Tort law allows various types of compensation for personal injuries sustained in motor vehicle accidents (see “Pecuniary Damages vs. Non-Pecuniary Damages”). Losses of income, medical expenditures, valuable services, etc., are all pecuniary types of damages that courts will indemnify when suffered by the victim. Pain, suffering and loss of amenities of life, or non-pecuniary damages, will also be assessed and compensated where they are demonstrated. The Supreme Court of Canada has already addressed the challenges associated with non-pecuniary general damages and explained why it capped them at $100,000 in January 1978 (see “Pecuniary Damages vs. Non-Pecuniary Damages”).
Minor Injury Cap – 2003
In 2003, the New Brunswick Legislature enacted provisions to extend a similar philosophy to physical conditions felt to be of minor effect in relation of motor vehicle accidents, allowing the capping of damages in certain situations (Insurance Act, RSNB 1973, c. I-12, s. 265.21):
265.21 (1) In this section “soft tissue injury” and “minor personal injury” shall be as prescribed and defined in the regulations.

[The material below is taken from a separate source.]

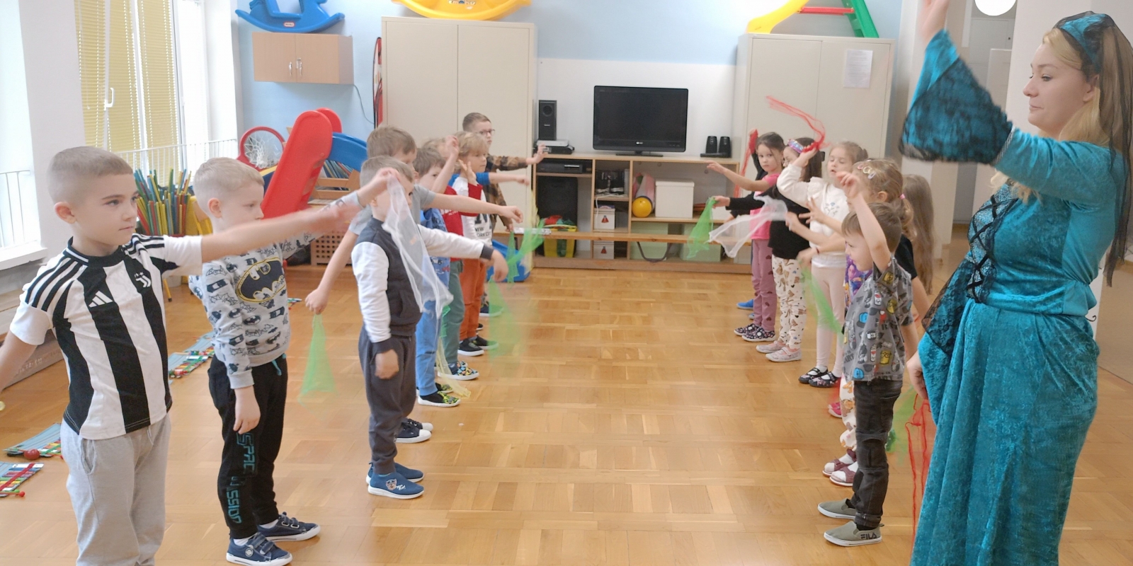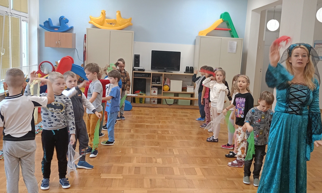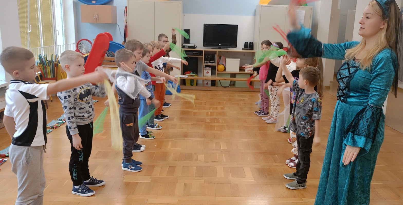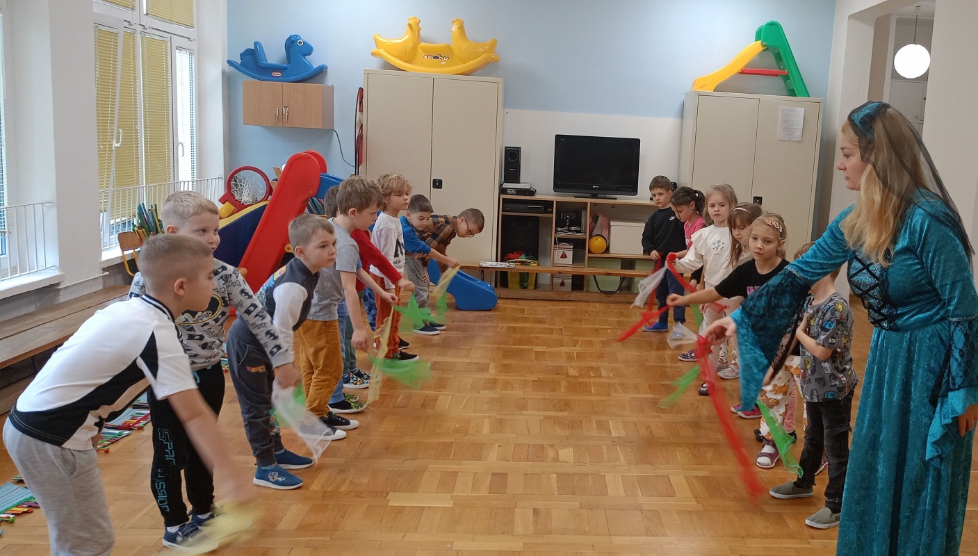 Na dworze króla - warsztaty muzyczne z panią Justyną przybliżyły nam taniec dworski menuet. Tańczyliśmy go dostojnie. Następnie poznaliśmy dworską muzykę i dużo dowiedzieliśmy się o Georgu Friedrichu Händel - kompozytorze. Graliśmy na dzwonkach i śpiewaliśmy piosenki. Zdjęcia przedstawiają dzieci podczas muzycznych warsztatów.

(3) In an action for damages arising out of an accident, the amount recoverable as damages for the non-pecuniary loss of the plaintiff for minor personal injury shall not exceed the amount set out in the regulations.
(4) This section applies only to accidents occurring on or after the commencement of this section.
As can be quickly gleaned from the text, the authority is limited to ‘non-pecuniary loss’ sustained after 2003. Thus, the authority of the Lieutenant-Governor does not extend to heads of damages that are pecuniary and courts would continue to apply the principles as already formulated (see “Pecuniary Damages vs. Non-Pecuniary Damages”).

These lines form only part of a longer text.